Uganda’nın sıtma kontrol programını yöneten Dr. Jimmy Opigo, Associated Press’e yaptığı açıklamada, USAID’in Ocak ayı sonunda verdiği fon durdurma kararının kendilerini ve ekiplerini zor bir duruma soktuğunu söyledi. ABD, Afrika’da sıtmayla mücadelede en büyük destekçilerden biri konumunda.
Opigo, sıtmayı önleyici ilaçlar ve böcek ilacı kaplı cibinliklerin, insanların temel ihtiyaçları kadar önemli olduğunu vurgulayarak, “Sürekli bir tedarik olması gerekiyor” dedi.
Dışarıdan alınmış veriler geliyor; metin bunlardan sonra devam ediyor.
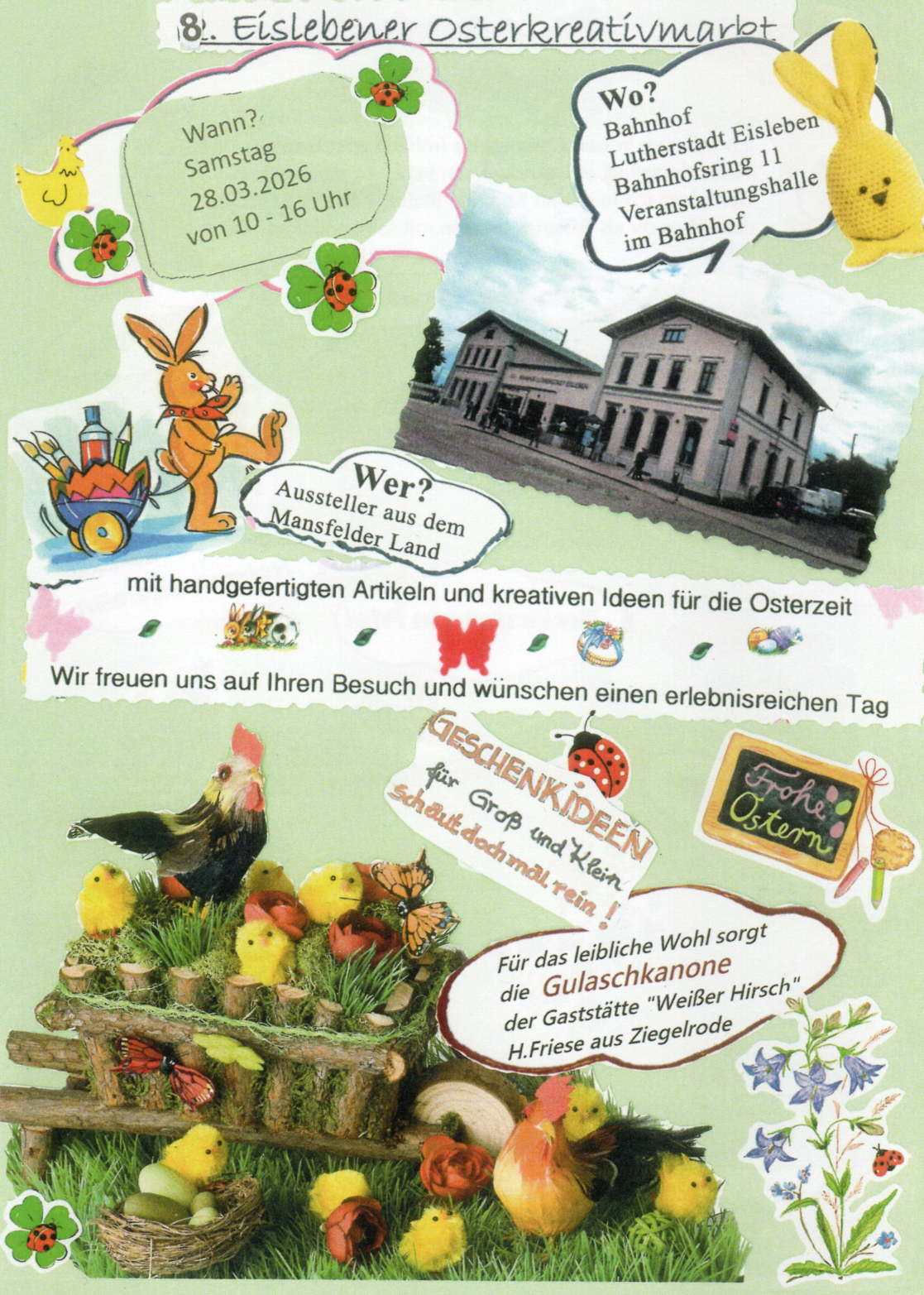 Die österliche Verkaufsschau rund um die Initiatorin Frau Kaulfuß ist mittlerweile zu einem Begriff geworden. Rechtzeitig vor den Feiertagen präsentieren sich in der beheizten Veranstaltungshalle des Bahnhofes Händler und Kunsthandwerker aus der Umgebung mit vielfältigen Angeboten zum Thema Ostern. Mit dabei sein werden neben anderen die Keramiker der Lebenshilfe, Outdoorkeramik und Floristok aus dem Mansfelder Land, Schnitzkunst by Ehrt (Schüler des Miniaturschnitzers Lauterbach), die Präsentation alter Stickkunst, Schmuckverkauf, Spezialgebäck der seit 1891 bestehenden Friwi-Werke aus Stolberg/Harz, Obst für Kinder aus Neckendorf und zahlreiche Geschenkartikelpräsentationen. Für einen schmackhaften frischen Imbiss wird die Gulaschkanone aus Ziegelrode in Stellung gebracht. Für Kinder gibt es kleine Überraschungen. Der Kreativmarkt öffnet gegen 10:00 Uhr und endet etwa 16:00 Uhr. Der Eintritt ist frei.
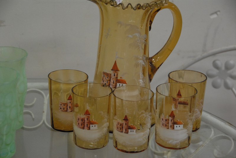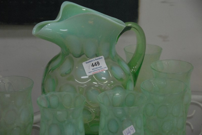 Lot 449: Thirteen piece lot to include green Fenton coin spot pitcher and six tumblers along with painted pitcher and five tumblers.
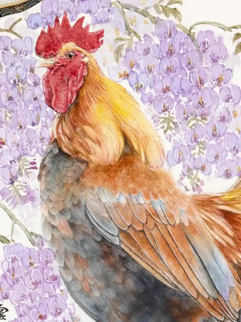 图文教程 | 陈军工笔鸡《紫气迎祥》设色步骤
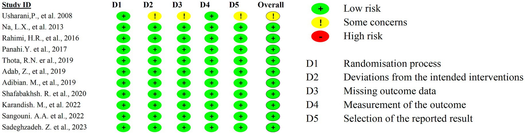 The studies were conducted in four countries: Iran (9–16), China (17), India (18), and Australia (19). The majority of the studies (9 out of 11) were from Iran, and they had a fair or good quality rating. The study by Na et al. (3) was from China, and it had a good quality rating (Table 1). The study by Usharani et al. (4) was from India, and it had a fair quality rating. The study by Thota et al. (5) was from Australia, and it had a fair quality rating. The studies varied in their study design, RCT ID, sample size, age, and gender. The details of each study are shown in the Table 2.
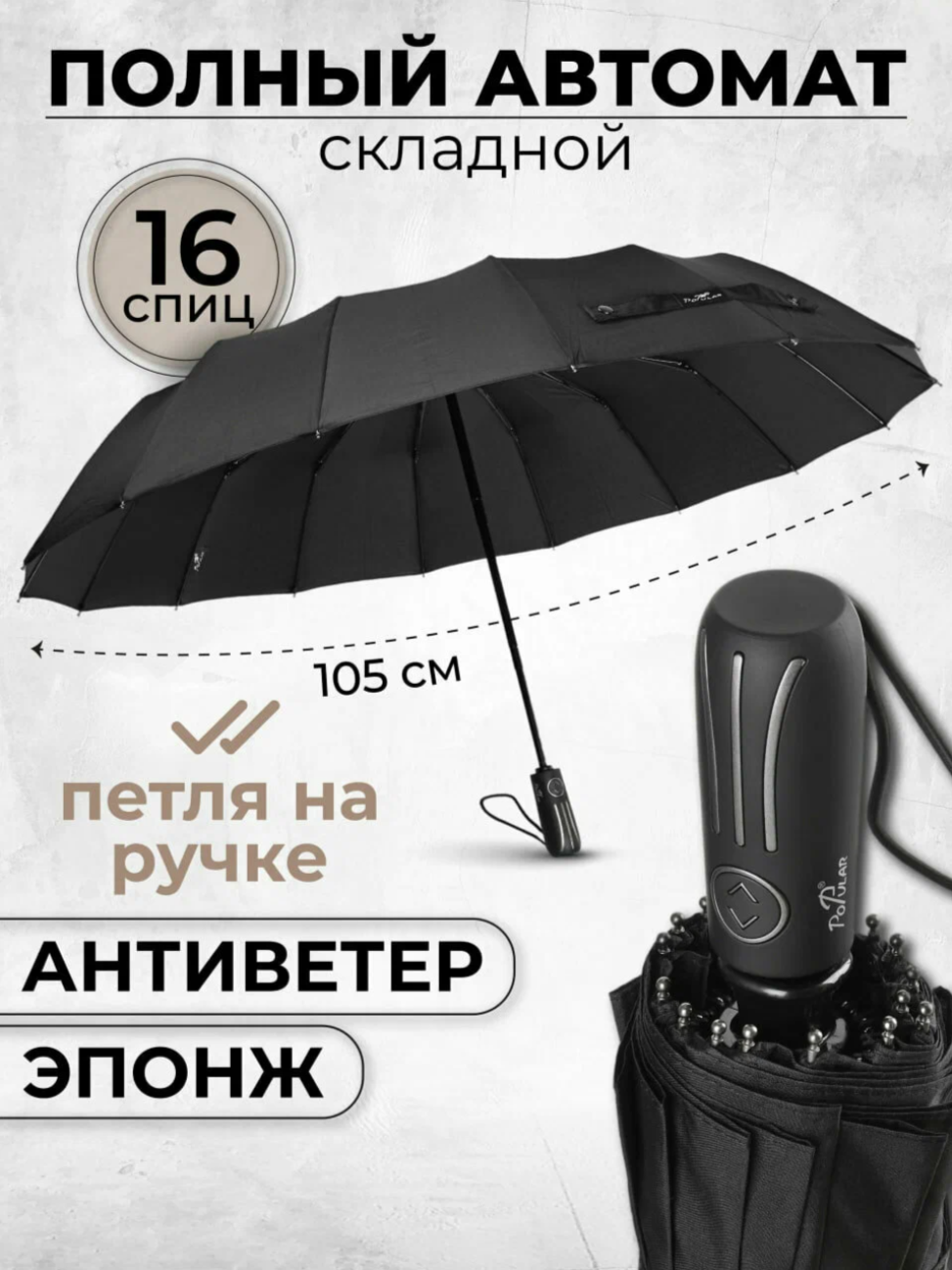 Ниже Вы можете прочитать отзывы на Мужской зонт автомат 16 спиц 2021 Black, ознакомится с подробными характеристиками, посмотреть интересные обзоры и фотографии на Мужской зонт автомат 16 спиц 2021 Black.

Kesilen fonlar nedeniyle kaynakların azalmasıyla birlikte, yılın ilerleyen dönemlerinde ciddi sıtma vakalarında artış yaşanacağını ve organ yetmezliği gibi komplikasyonların daha fazla görülebileceğini belirtti.
Sıtmaya kesin bir tedavi bulunmasa da, bazı Afrika ülkelerinde dağıtılan aşılar, çok iyi olmasa da belirli bir koruma sağlıyor. Küresel Aşı İttifakı’nın desteğiyle aşılama çalışmalarının devam etmesi bekleniyor.
Washington merkezli Malaria No More örgütüne göre, sıtma kontrol tedarik zincirinde sadece bir yıllık bir aksama bile dünya çapında 15 milyon ek vaka ve 107.000 ek ölüme yol açabilir. Örgüt, Trump yönetimine, salgınların daha da büyümesini önlemek için bu kritik programları yeniden başlatma çağrısında bulundu.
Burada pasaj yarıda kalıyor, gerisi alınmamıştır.